> _PROBLEM STATEMENT_: The entries below are to be returned as written, with all pictures dropped.
##### EXTRACTED MATERIAL #####
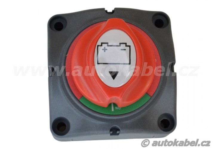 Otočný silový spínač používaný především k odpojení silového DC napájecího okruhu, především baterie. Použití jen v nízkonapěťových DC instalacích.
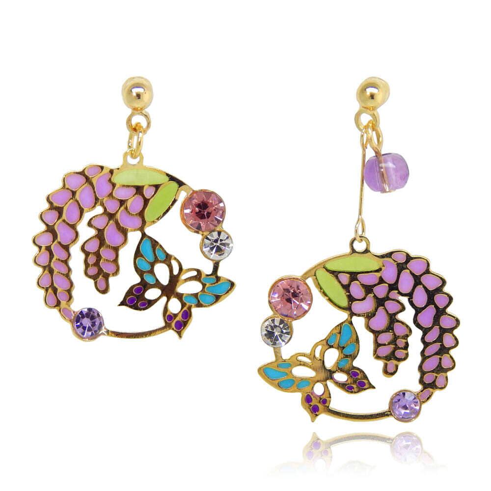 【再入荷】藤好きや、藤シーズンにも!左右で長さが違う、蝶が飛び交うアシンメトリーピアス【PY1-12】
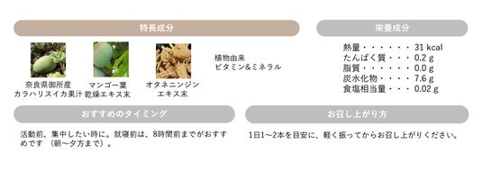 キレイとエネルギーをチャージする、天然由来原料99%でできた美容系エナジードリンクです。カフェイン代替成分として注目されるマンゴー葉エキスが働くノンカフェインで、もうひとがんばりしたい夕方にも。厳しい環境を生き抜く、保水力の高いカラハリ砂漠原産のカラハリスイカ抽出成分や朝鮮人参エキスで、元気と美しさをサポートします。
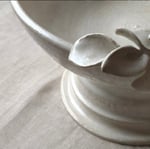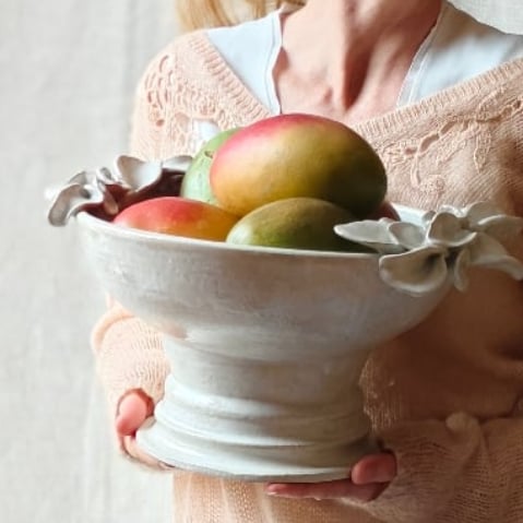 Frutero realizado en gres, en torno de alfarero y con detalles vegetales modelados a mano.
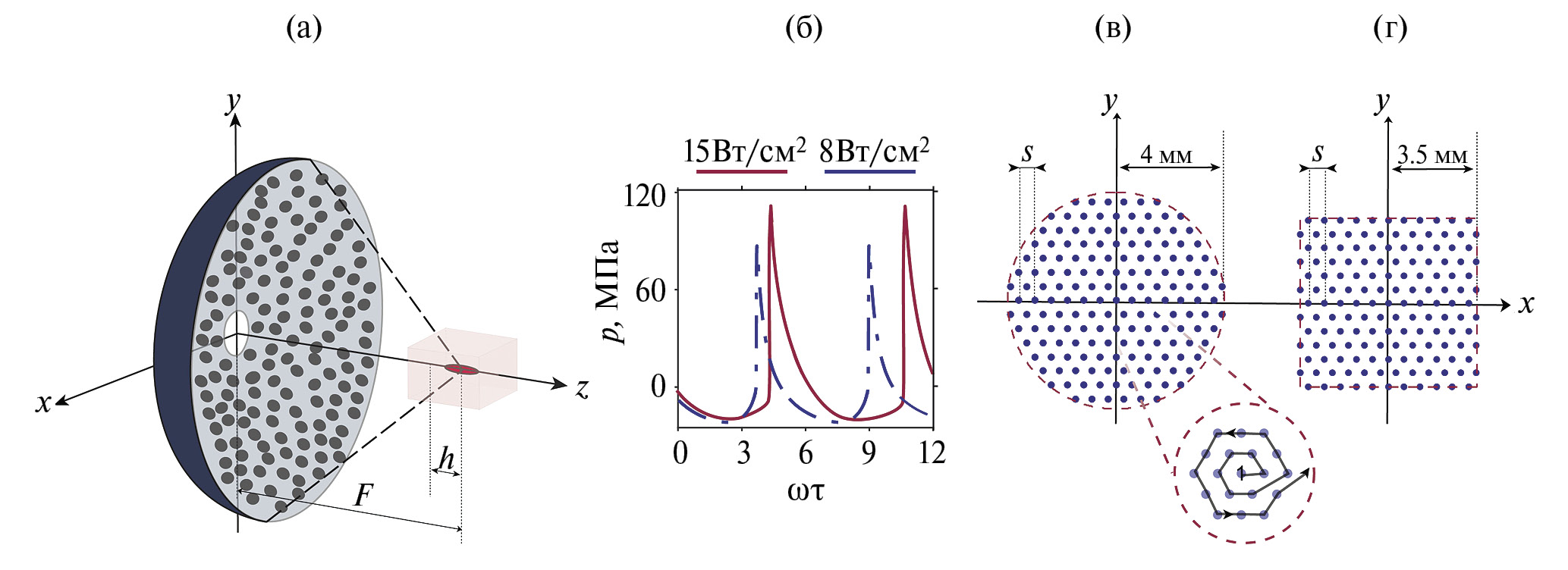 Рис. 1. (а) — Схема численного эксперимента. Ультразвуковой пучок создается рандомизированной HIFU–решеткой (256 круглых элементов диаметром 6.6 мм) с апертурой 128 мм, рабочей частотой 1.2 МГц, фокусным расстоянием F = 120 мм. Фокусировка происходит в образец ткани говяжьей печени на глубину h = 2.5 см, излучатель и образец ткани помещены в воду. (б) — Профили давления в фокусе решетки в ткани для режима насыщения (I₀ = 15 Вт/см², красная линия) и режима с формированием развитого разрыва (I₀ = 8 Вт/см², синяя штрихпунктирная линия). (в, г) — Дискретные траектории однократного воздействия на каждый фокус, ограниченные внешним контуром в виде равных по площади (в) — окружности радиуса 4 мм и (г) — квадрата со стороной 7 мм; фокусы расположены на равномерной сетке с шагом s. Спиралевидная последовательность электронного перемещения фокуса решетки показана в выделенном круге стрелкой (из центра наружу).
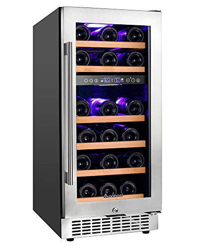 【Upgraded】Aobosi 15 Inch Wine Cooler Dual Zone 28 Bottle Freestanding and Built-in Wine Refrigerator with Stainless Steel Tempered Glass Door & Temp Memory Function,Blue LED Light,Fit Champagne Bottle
#####
> _RESPONSE TO THE TASK_:
 Otočný silový spínač používaný především k odpojení silového DC napájecího okruhu, především baterie. Použití jen v nízkonapěťových DC instalacích.
 【再入荷】藤好きや、藤シーズンにも!左右で長さが違う、蝶が飛び交うアシンメトリーピアス【PY1-12】
 キレイとエネルギーをチャージする、天然由来原料99%でできた美容系エナジードリンクです。カフェイン代替成分として注目されるマンゴー葉エキスが働くノンカフェインで、もうひとがんばりしたい夕方にも。厳しい環境を生き抜く、保水力の高いカラハリ砂漠原産のカラハリスイカ抽出成分や朝鮮人参エキスで、元気と美しさをサポートします。
 Frutero realizado en gres, en torno de alfarero y con detalles vegetales modelados a mano.
 Рис. 1. (а) — Схема численного эксперимента. Ультразвуковой пучок создается рандомизированной HIFU–решеткой (256 круглых элементов диаметром 6.6 мм) с апертурой 128 мм, рабочей частотой 1.2 МГц, фокусным расстоянием F = 120 мм. Фокусировка происходит в образец ткани говяжьей печени на глубину h = 2.5 см, излучатель и образец ткани помещены в воду. (б) — Профили давления в фокусе решетки в ткани для режима насыщения (I₀ = 15 Вт/см², красная линия) и режима с формированием развитого разрыва (I₀ = 8 Вт/см², синяя штрихпунктирная линия). (в, г) — Дискретные траектории однократного воздействия на каждый фокус, ограниченные внешним контуром в виде равных по площади (в) — окружности радиуса 4 мм и (г) — квадрата со стороной 7 мм; фокусы расположены на равномерной сетке с шагом s. Спиралевидная последовательность электронного перемещения фокуса решетки показана в выделенном круге стрелкой (из центра наружу).
 【Upgraded】Aobosi 15 Inch Wine Cooler Dual Zone 28 Bottle Freestanding and Built-in Wine Refrigerator with Stainless Steel Tempered Glass Door & Temp Memory Function,Blue LED Light,Fit Champagne Bottle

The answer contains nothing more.